Soapbox

Health sign-ups will be much clearer

Peter Lee, left, executive director of Covered California, poses with enrollees in the state’s health insurance exchange.
Peter Lee, left, executive director of Covered California, poses with enrollees in the state’s health insurance exchange. The New York Times

Californians have started to sign up for health plans through Covered California, the state’s health insurance exchange. During the first enrollment last year, the exchange registered about 1 million people, but many consumers struggled to find answers to simple questions about the plans.

It will be much easier for Californians to get the information they need this time around. Gov. Jerry Brown signed two bills that require insurance companies to be more transparent about the health plans they sell through the exchange.

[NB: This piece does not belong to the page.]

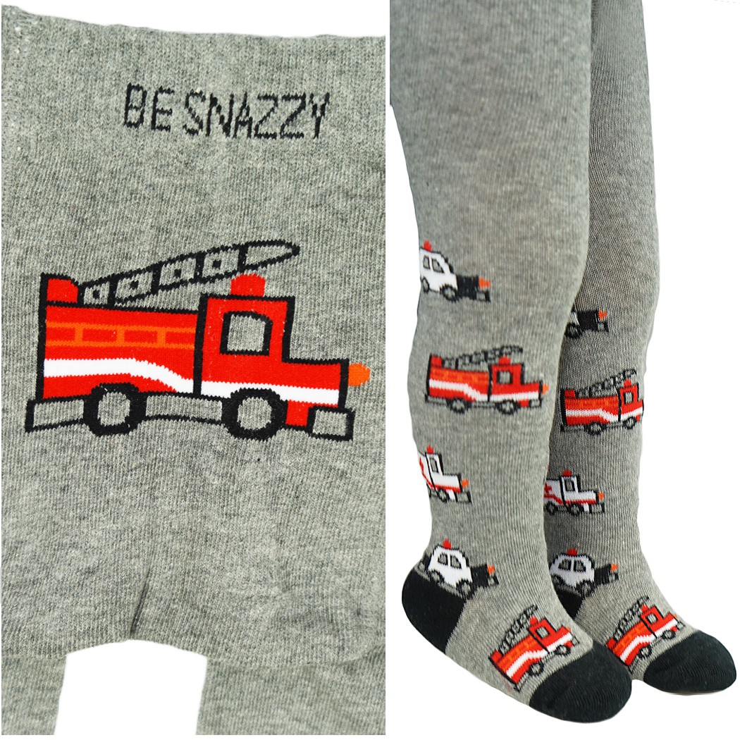 Szare rajstopki bawełniane dla chłopca ze strażą pożarną i policją.

For instance, starting in January, Covered California’s website will directly link to the drug benefit details of available health plans. By mid-2017 insurers must post online the list of drugs covered by their plans, known as formularies, using a standardized format. The California Department of Managed Health Care is now required to report whether plans sold through Covered California include enough doctors and specialists accepting patients and whether enrollees can get appointments in a timely manner.

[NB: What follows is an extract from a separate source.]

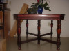 I picked it up at a yard sale in Northwest PA because I loved the look and the mechanics of the piece. The manufacturer label found on the underneath part of the leaf is in bad shape and not legible other than Imperial Furniture Company. I'm not sure how old it is, 40's maybe? I would like to lightly sand and varnish the piece to bring it back to life but don't want to detract from the value in doing so. Does appear to be mahoganey which is true to Imperial. What can you tell me about it, and if I am to sell it as-is what is the value versus if i fixed it up?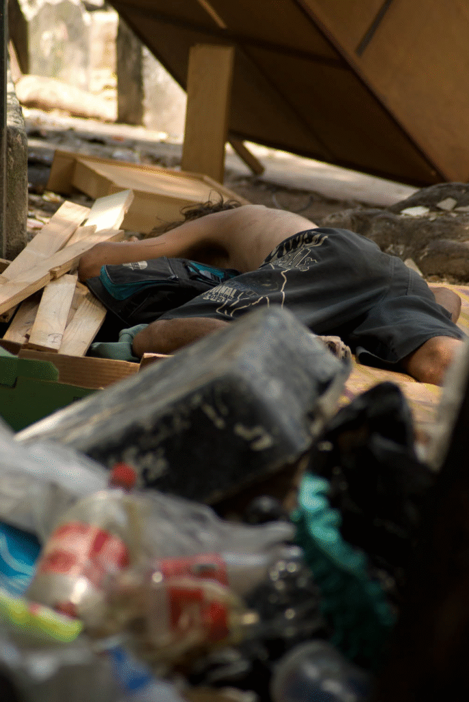 Em 2010, comecei a desenvolver esta série de fotos, que coloca em primeiro plano as imagens que muitos paulistanos se esforçam para ignorar: pessoas em situação de rua. Essa produção fotográfica é uma extensão direta das reflexões iniciadas em 2008, durante um trabalho de pesquisa para a faculdade que refletiu sobre os Moradores de Rua da Praça da Sé.

Brown deserves our applause. With two out of every five Californians suffering from chronic illnesses – such as heart disease, cancer, diabetes, or multiple sclerosis – it is extremely important for consumers to have the information they need to better understand the plans sold through the insurance exchange.

If patients pick the wrong plan, they might have to pay a substantial portion of their drug costs out of their own pocket. The difference in out-of-pocket costs could vary widely, depending on the plan.

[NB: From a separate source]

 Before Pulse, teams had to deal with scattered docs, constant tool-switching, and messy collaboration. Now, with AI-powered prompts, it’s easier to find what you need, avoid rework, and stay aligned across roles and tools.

Typically, a formulary classifies medicines according to several tiers. Tier one might require only a small co-pay, like $20 for a blood thinner. Drugs in the higher tiers come with higher out-of-pocket costs. Tier four – or a specialty tier – usually involves co-insurance, which is a requirement that patients pay a set percentage of a drug’s cost, no matter the price.

Previously, the only way enrollees could attain important plan information was to directly contact each insurance company and go over exhaustive details with a company representative. This time-consuming and inefficient process only led to frustration and confusion, which led to real suffering.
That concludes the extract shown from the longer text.